━━ DATA PROVIDED ━━

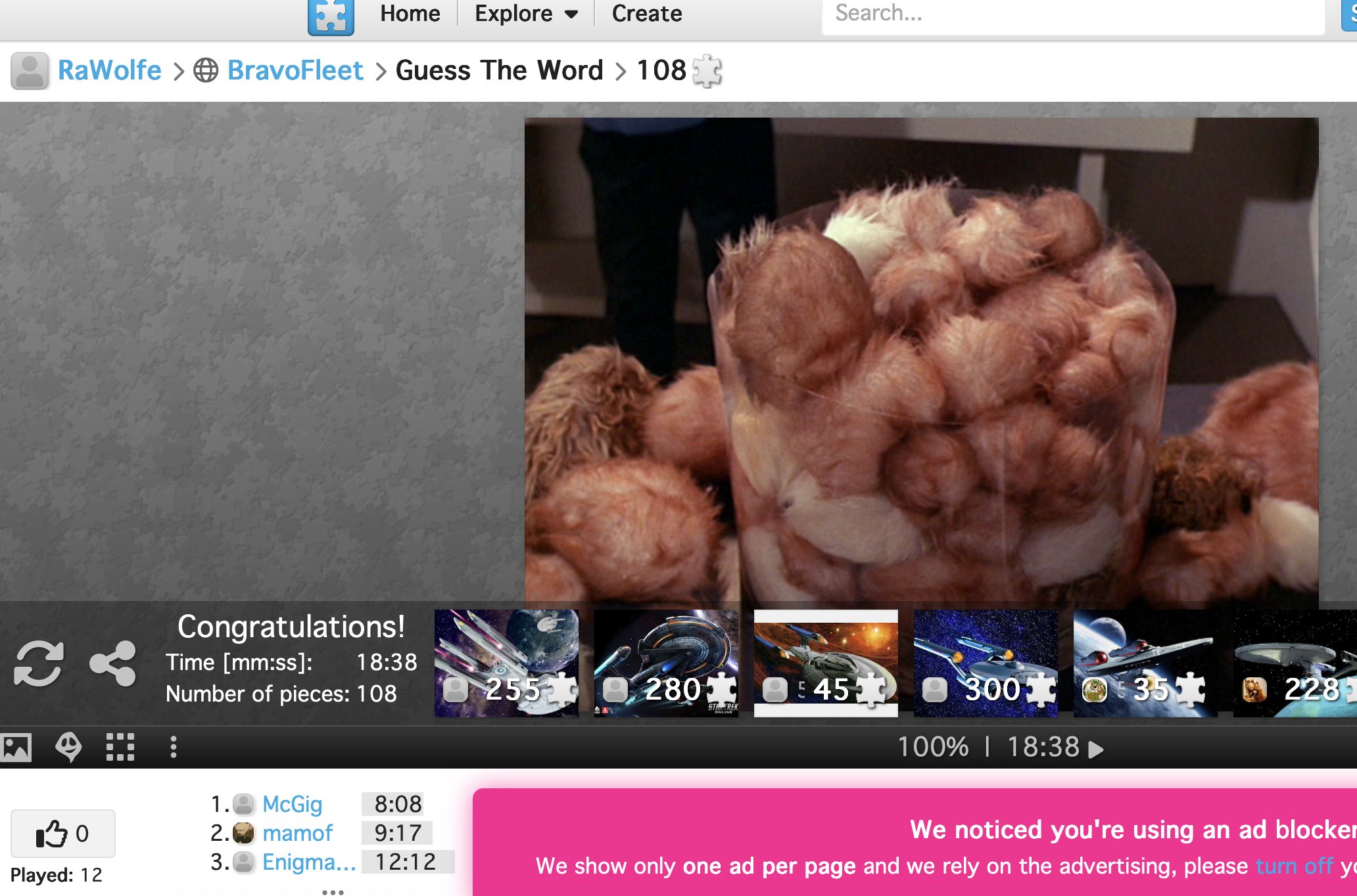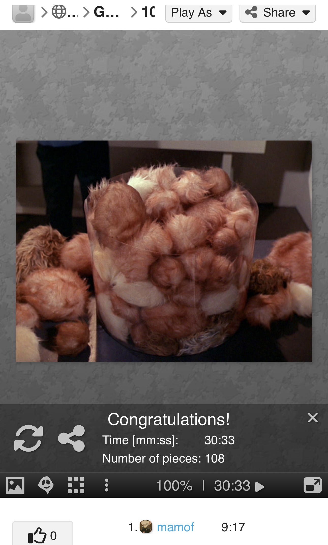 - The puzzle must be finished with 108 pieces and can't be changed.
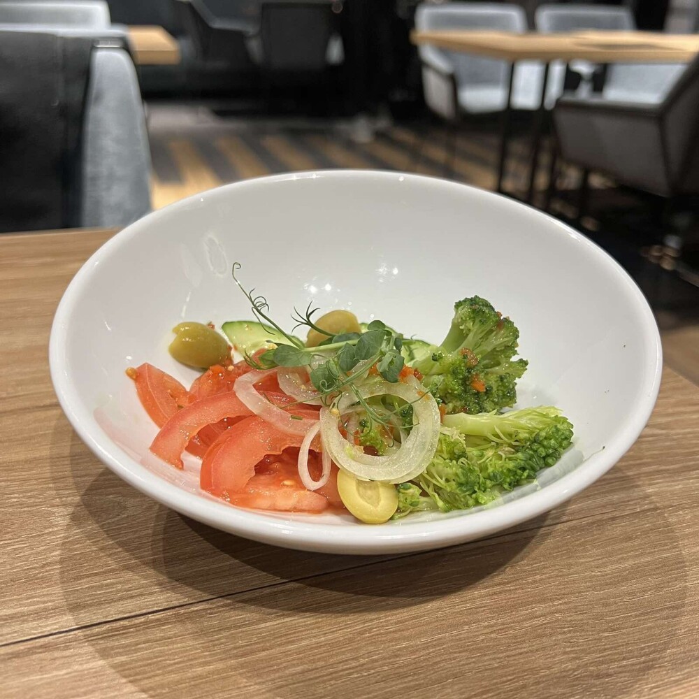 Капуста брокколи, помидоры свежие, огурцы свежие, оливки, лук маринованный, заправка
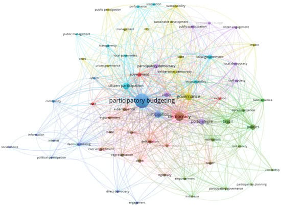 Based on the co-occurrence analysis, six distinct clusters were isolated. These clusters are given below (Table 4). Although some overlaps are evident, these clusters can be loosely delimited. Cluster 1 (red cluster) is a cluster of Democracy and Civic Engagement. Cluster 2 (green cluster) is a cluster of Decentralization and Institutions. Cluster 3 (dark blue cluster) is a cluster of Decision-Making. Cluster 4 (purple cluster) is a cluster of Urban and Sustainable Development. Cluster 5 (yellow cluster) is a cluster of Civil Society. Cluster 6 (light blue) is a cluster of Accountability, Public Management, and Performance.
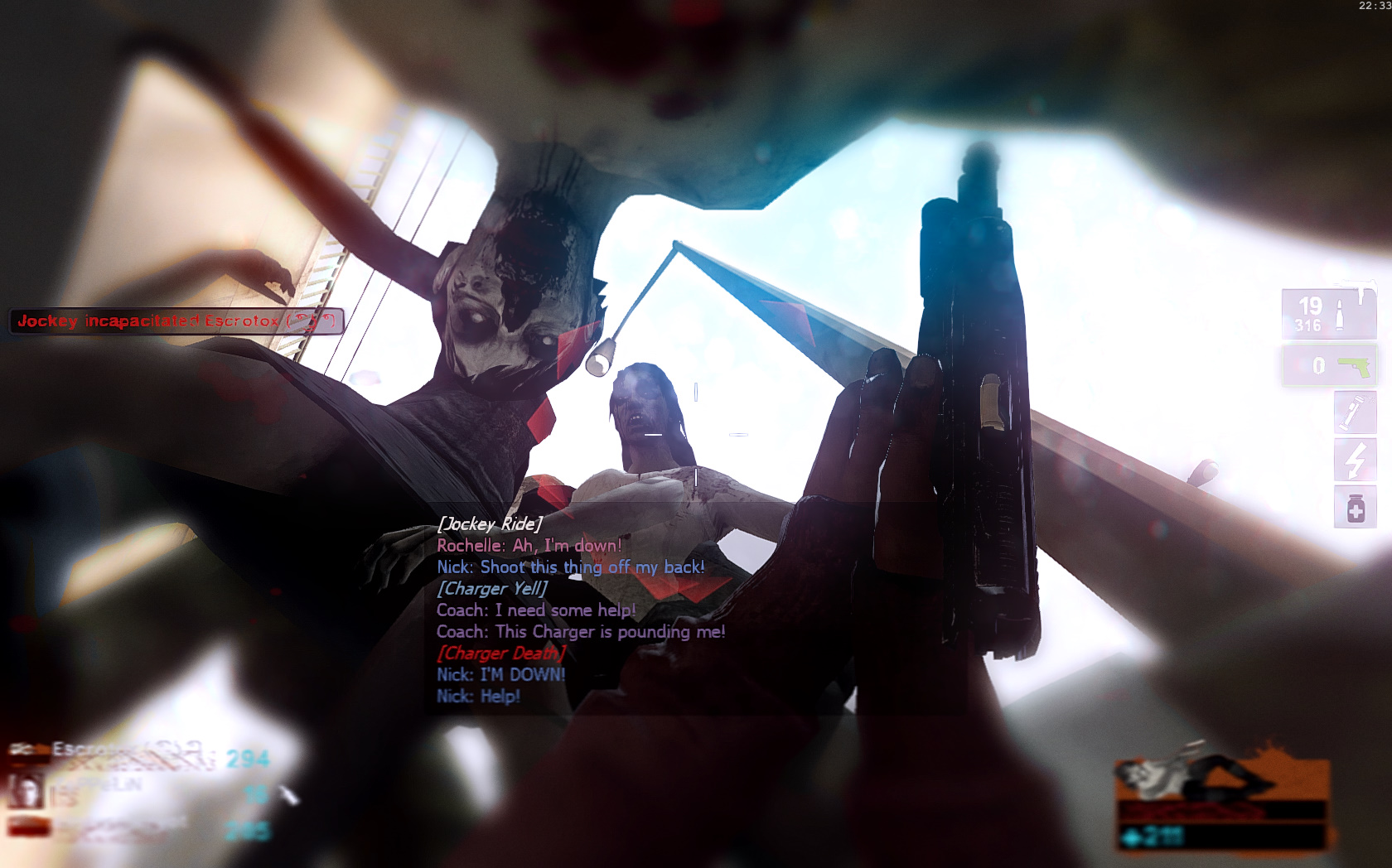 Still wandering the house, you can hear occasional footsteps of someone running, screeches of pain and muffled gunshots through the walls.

━━━

■ **WORK REQUEST**: The data needs to be reproduced exactly, please, apart from its pictures.

■ **ANSWER TO THIS EXERCISE**:
 - The puzzle must be finished with 108 pieces and can't be changed.
 Капуста брокколи, помидоры свежие, огурцы свежие, оливки, лук маринованный, заправка
 Based on the co-occurrence analysis, six distinct clusters were isolated. These clusters are given below (Table 4). Although some overlaps are evident, these clusters can be loosely delimited. Cluster 1 (red cluster) is a cluster of Democracy and Civic Engagement. Cluster 2 (green cluster) is a cluster of Decentralization and Institutions. Cluster 3 (dark blue cluster) is a cluster of Decision-Making. Cluster 4 (purple cluster) is a cluster of Urban and Sustainable Development. Cluster 5 (yellow cluster) is a cluster of Civil Society. Cluster 6 (light blue) is a cluster of Accountability, Public Management, and Performance.
 Still wandering the house, you can hear occasional footsteps of someone running, screeches of pain and muffled gunshots through the walls.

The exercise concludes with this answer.